Synopsis: On May 31, 1953, twenty-year-old Sylvia Plath arrived in New York City for a one-month stint at "the intellectual fashion magazine" Mademoiselle to be a guest editor for its prestigious annual college issue. Over the next twenty-six days, the bright, blond New England collegian lived at the Barbizon Hotel, attended Balanchine ballets, watched a game at Yankee Stadium, and danced at the West Side Tennis Club.

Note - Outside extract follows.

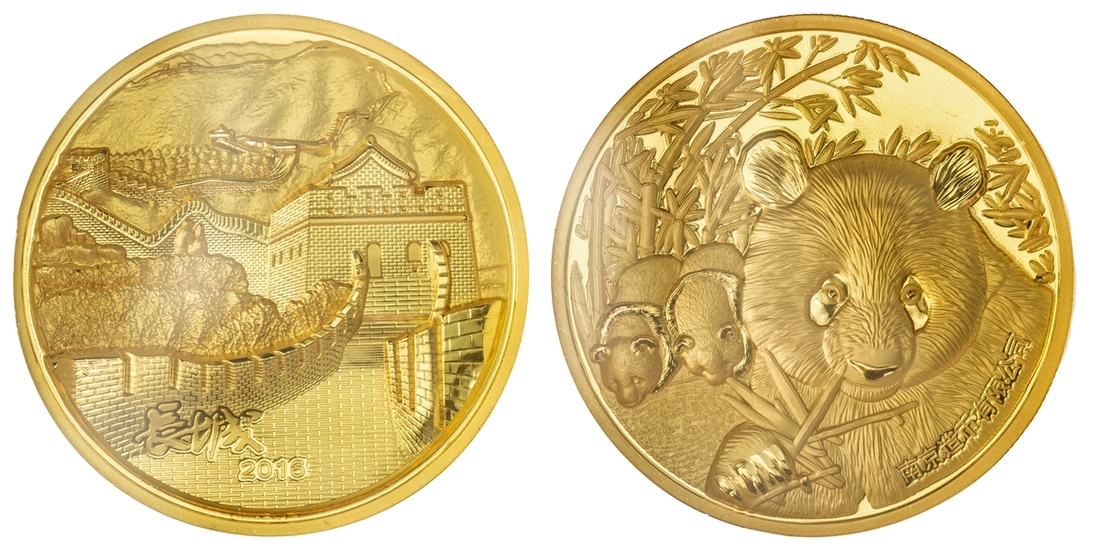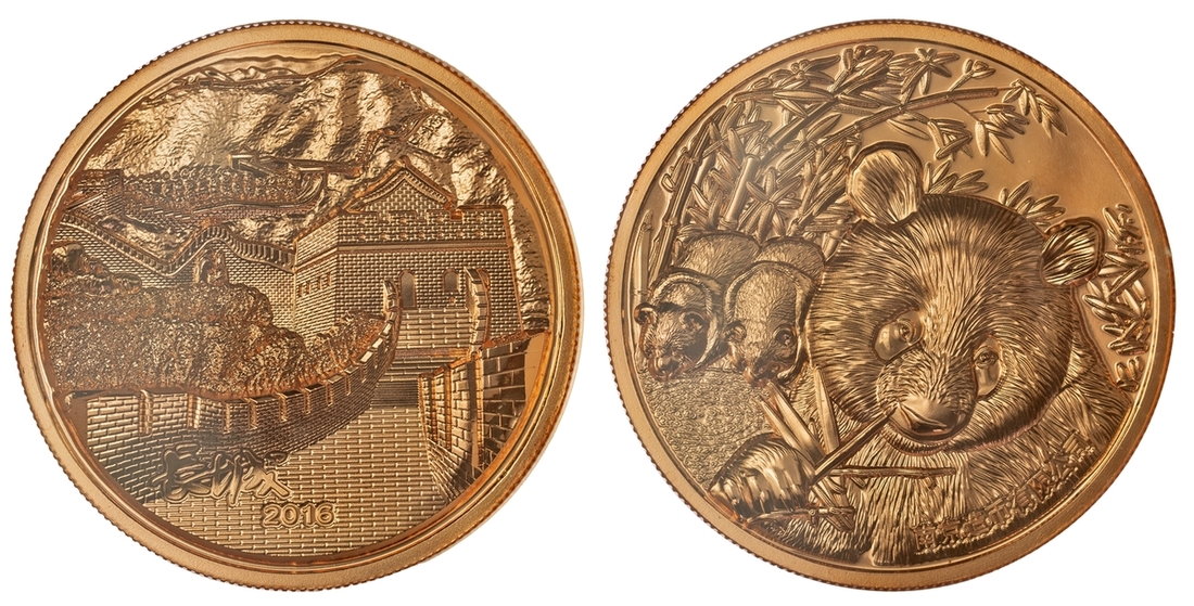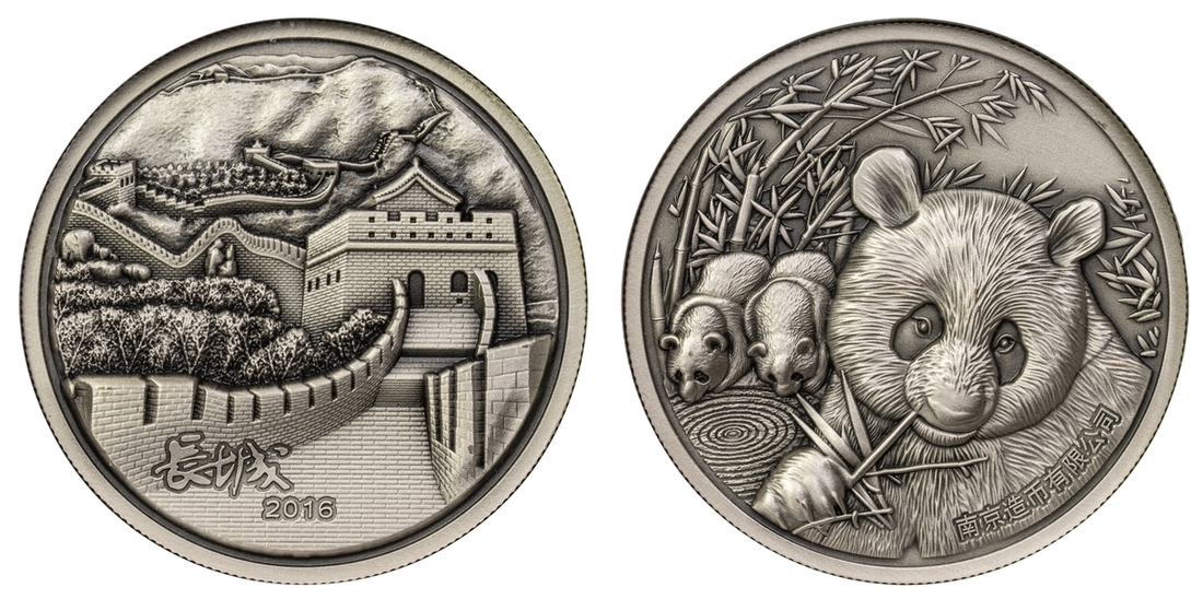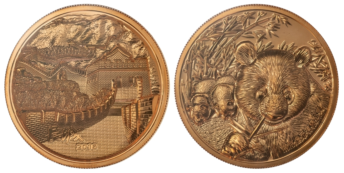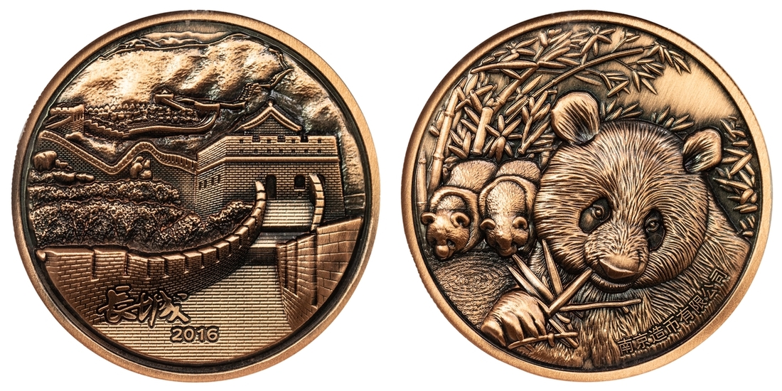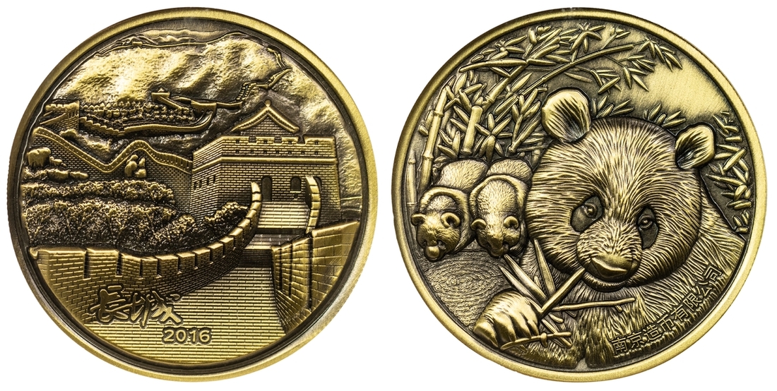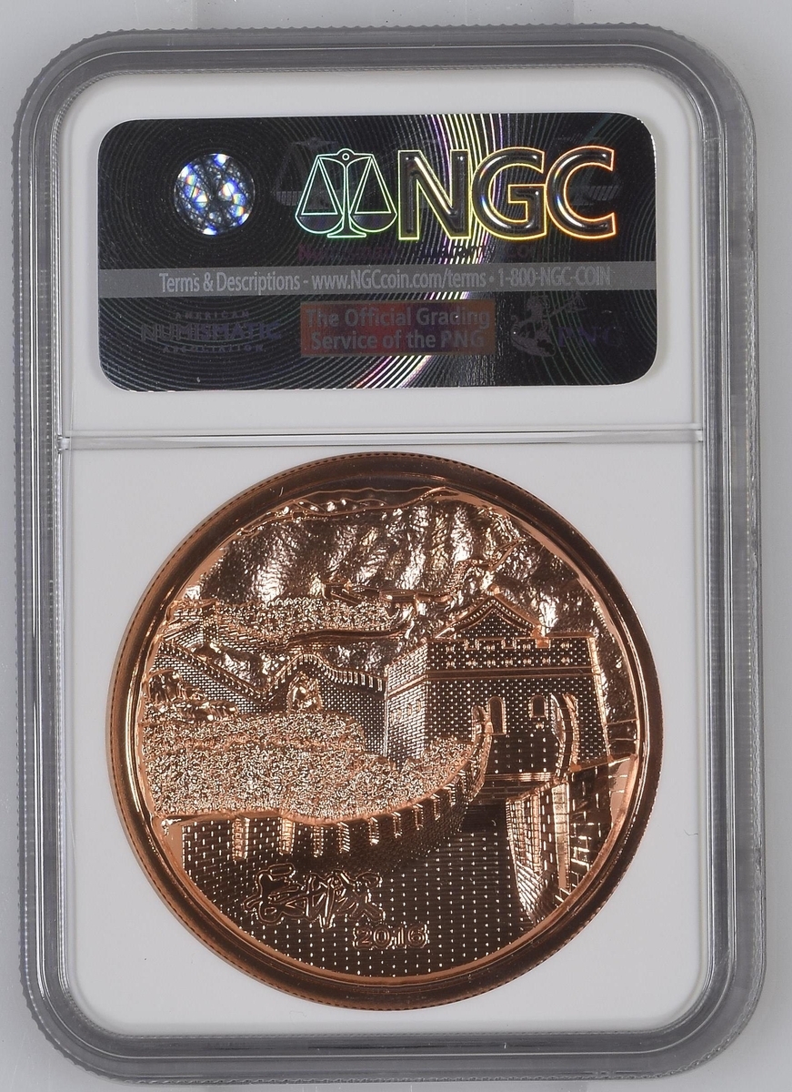 NGC PF69-PF70 | China, Republic, Official Panda Medal Series, 'Great Wall of China', 2016, engraved by Cheng Chao and Li Rui for Nanjing Mint Co. Ltd (6), Antiqued Matte Silver Proof, edge milled, 65.00g, 45mm., 12h, choice, as struck, ONLY 30 STRUCK in this finish, accompanied by Certificate of Authenticity (#027), in NGC holder, graded PF69 ANTIQUED (Cert. #2808904-011); another, | Early Releases | *Top Pop* | Brilliant Brass Proof, as before, edge milled, 65.00g, 45mm., 12h, brilliant, as struck, with a tiny mintage of 99 pieces, accompanied by Certificate of Authenticity (#027), in NGC holder, graded PF70 ULTRA CAMEO (Cert. #2808904-006) [*Joint Finest Certified*] [*Early Releases*]; others, Brilliant Copper Proofs (2), as before, edge milled, 65.00g, 45mm., 12h, brilliant, as struck, with a tiny mintage of 199 pieces, accompanied by Certificate of Authenticity (#027), in NGC holder, graded PF70 RD ULTRA CAMEO (Cert. #2808904-002) [*Joint Finest Certified*]; again, as before, edge milled, 65.00g, 45mm., 12h, brilliant, as struck, with a tiny mintage of 199 pieces, accompanied by Certificate of Authenticity (#093), in NGC holder, graded PF70 RD ULTRA CAMEO (Cert. #2808904-001) [*Joint Finest Certified*]; another, Antiqued Matte Copper Proof, as before, edge milled, 65.00g, 45mm., 12h, choice, as struck, ONLY 30 STRUCK in this finish, accompanied by Certificate of Authenticity (#027), in NGC holder, graded PF69 ANTIQUED (Cert. #2807901-008) [*Early Releases*]; lastly, Antiqued Matte Brass Proof, edge milled, 65.00g, 45mm., 12h, choice, as struck, ONLY 30 STRUCK in this finish, accompanied by Certificate of Authenticity (#027), in NGC holder, graded PF70 ANTIQUED (Cert. #2807901-007) [*Joint Finest Certified*] [*Early Releases*], with several Cases of Issue (6)

She typed rejection letters to writers from The New Yorker and ate an entire bowl of caviar at an advertising luncheon. She stalked Dylan Thomas and fought off an aggressive diamond-wielding delegate from the United Nations. She took hot baths, had her hair done, and discovered her signature drink (vodka, no ice). Young, beautiful, and on the cusp of an advantageous career, she was supposed to be having the time of her life. Drawing on in-depth interviews with fellow guest editors whose memories infuse these pages, Elizabeth Winder reveals how these twenty-six days indelibly altered how Plath saw herself, her mother, her friendships, and her romantic relationships, and how this period shaped her emerging identity as a woman and as a writer. Pain, Parties, Work—the three words Plath used to describe that time—shows how Manhattan's alien atmosphere unleashed an anxiety that would stay with her for the rest of her all-too-short life.
My two cents: Having this biography in my TBR has literally pushed me to read The Bell Jar. (Check out my review here.)  

Before reading The Bell Jar, my extent of Plath knowledge: brilliant poet, committed suicide. I was on the verge of buying a secondhand copy of The Bell Jar and someone saw me and said: that's depressing reading. It seemed that entering into the world that is Plath was one of angst and of darkness.